Scritto e diretto da Carlota Pereda, basato sull’omonimo cortometraggio, Piggy utilizza la grassofobia come espediente narrativo, ma non ficcante abbastanza per diventare iconico

C’è un grande misunderstanding attorno a Piggy. Il film, per forza di cose, è stato presentato come un horror in cui la protagonista, sovrappeso, si emancipa dalle forme di violenza verbale, ma anche fisica, che era costretta a subire.

Trasformando i suoi silenzi in atti di brutalità, la sua remissività in sfogo animale. Come base, quello di Carlota Pereda, poteva quasi farsi manifesto per combattere un ideale di conformità e bellezza che, ad oggi, dovrebbe smettere di preoccuparci, pur affliggendo ancora un numero vastissimo di persone pur dopo lo sdoganamento degli standard estetici da “dover rispettare”. O, almeno, in teoria. 

Piggy: tutto si riduce all’orrore

Questo per dire che, da principio, Piggy sembrava un’opera che avesse in sé una consapevolezza e una riflessione insite nel disagio vissuto dalla protagonista, che avrebbero dato il via alle sequenze sanguinolente e letali della storia.

Alla fine, quel “sembrava” si trasforma molto velocemente in “poteva”, notando come l’intuizione prima (il corpo e la sua centralità) nella pellicola finisce per non aver nessun valore né sociale, né tanto meno politico (nella chiave della “politica dei corpi”), rimanendo un escamotage per dare solo il via al film dell’orrore.
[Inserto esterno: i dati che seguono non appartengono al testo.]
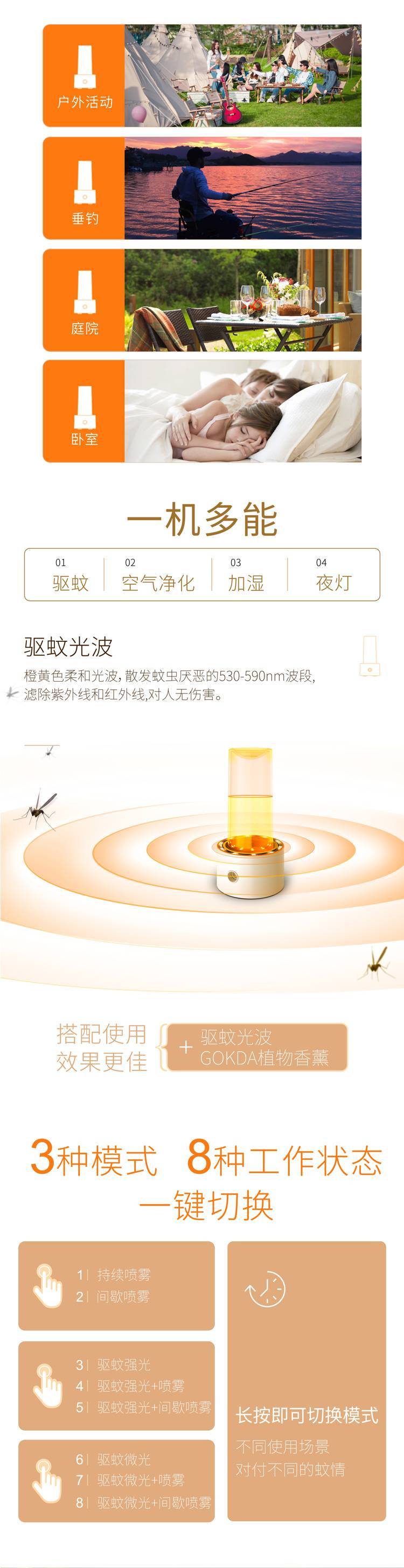户外:在户外可以采用光电驱蚊系统搭载GOKDA植物香薰进行驱赶周边蚊虫;

Un'immagine dal film Piggy
Credits: I Wonder Pictures

Piggy è davvero un manifesto?

Sara, la protagonista interpretata da Laura Galán, è vittima di bullismo a causa del suo aspetto. Ed è vero che la sua corporatura è il motivo per cui non riesce a entrare in confidenza con le persone, rendendola chiusa e remissiva tanto fuori, quanto dentro casa.

Se Piggy dava l’impressione di poter rivoltare il disagio vissuto dall’adolescente attraverso gli stilemi del genere horror, alla fine riserva soltanto un esempio di come vengano declinati alcuni dei discorsi che più interessano la società, soprattutto giovanile, e quanto sia stato sprecato il non riuscire a rendere l’opera effettivamente un “manifesto” di tutte quelle persone che hanno dovuto subire le stesse pressioni. Senza dover ricorrere agli omicidi, sia chiaro. 
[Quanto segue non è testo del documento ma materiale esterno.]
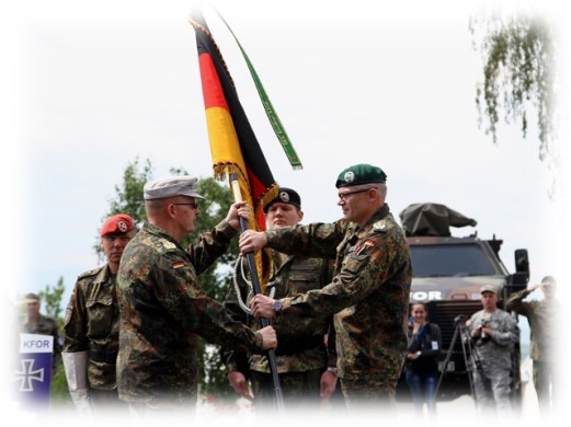 Im Kosovo, Übergabe der Truppenfahne an den Kommandeur des 44. Deutschen Einsatzkontingents KFOR, Oberst Siegfried Zeyer, stellvertretender Kommandeur Panzerbrigade 21.

No, non è il solito revenge movie

Un'immagine dal film Piggy
Credits: I Wonder Pictures

In più il film ha un andamento depotenziato, che colpisce per le continue svolte inattese compiute dalla storia e dalla stessa protagonista, ma che non per questo compensano la parte inefficace incentrata sul focus del corpo. Il tentativo è cercare di rendersi insolito e intrigante, e il racconto ci riesce, ma proprio nei suoi personaggi e nella maniera di costruire i fili che li legano, Piggy manca l’obiettivo e sceglie di favorire la narrazione, rispetto alla rivalsa della protagonista, pur poi conquistandola.
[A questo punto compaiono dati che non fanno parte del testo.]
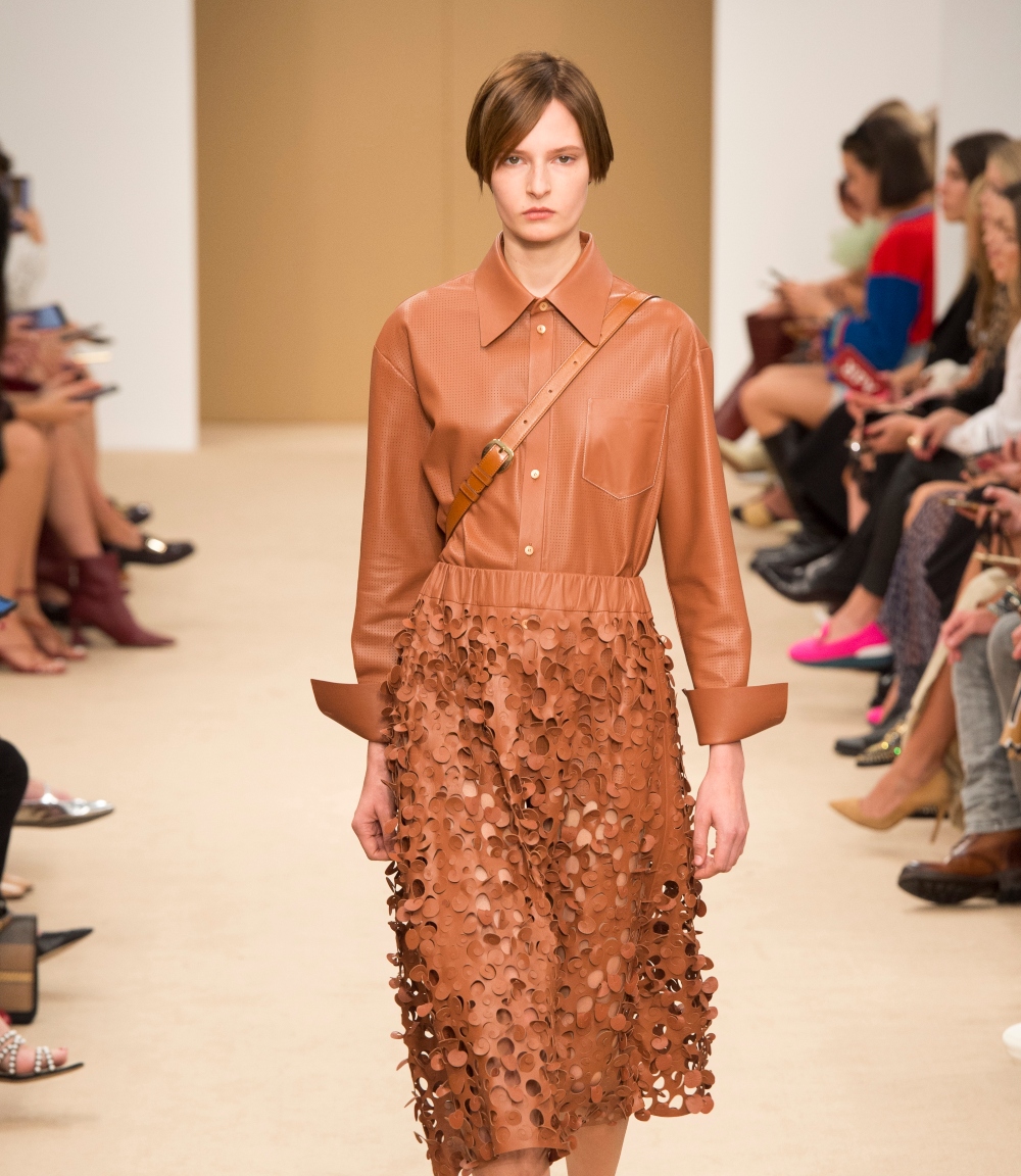 Ο οίκος Tod’s λοιπόν μας προτείνει να δημιουργήσουμε ένα κομψό office look, συνδυάζοντας μία leather φούστα με ένα πουκάμισο σε pastel απόχρωση- ιδανικά σε baby blue- ή με ένα εξίσου leather πουκάμισο. Ολοκληρώστε την εμφάνιση σας με ένα ζευγάρι κλασικές μαύρες γόβες και το αποτέλεσμα θα είναι εντυπωσιακό.

Forse sarebbe servito essere più cattivi, forse serviva un racconto più ficcante. Alla fine Sara si rivela migliore di tutti gli altri, e questo ribalta la semplice formula del revenge movie. Ma era necessario, narrativamente, che vincesse la sua bussola morale? 

La semi-emancipazione di Piggy

Un'immagine dal film Piggy
Credits: I Wonder Pictures

Il problema è probabilmente qui: aver creduto che, estremizzando le conseguenze del venir toccati nella propria sensibilità, Piggy avrebbe dato una lezione ai suoi personaggi e, se pur lo fa, non dimostra abbastanza coraggio. Toglie anche un po’ di mano a Sara il timone con cui orientarsi, consegnandolo inizialmente a questa figura altra che la guida sulla via della semi-emancipazione, dandole l’opportunità di ribellarsi.

Tutto un po’ debole, nella forza che vorrebbe esprimere. E, per chiudere, resta solo lei, cosparsa di sangue. Ma questo lo avevamo già visto, sia nei continui poster del film, sia a più riprese nella storia del cinema.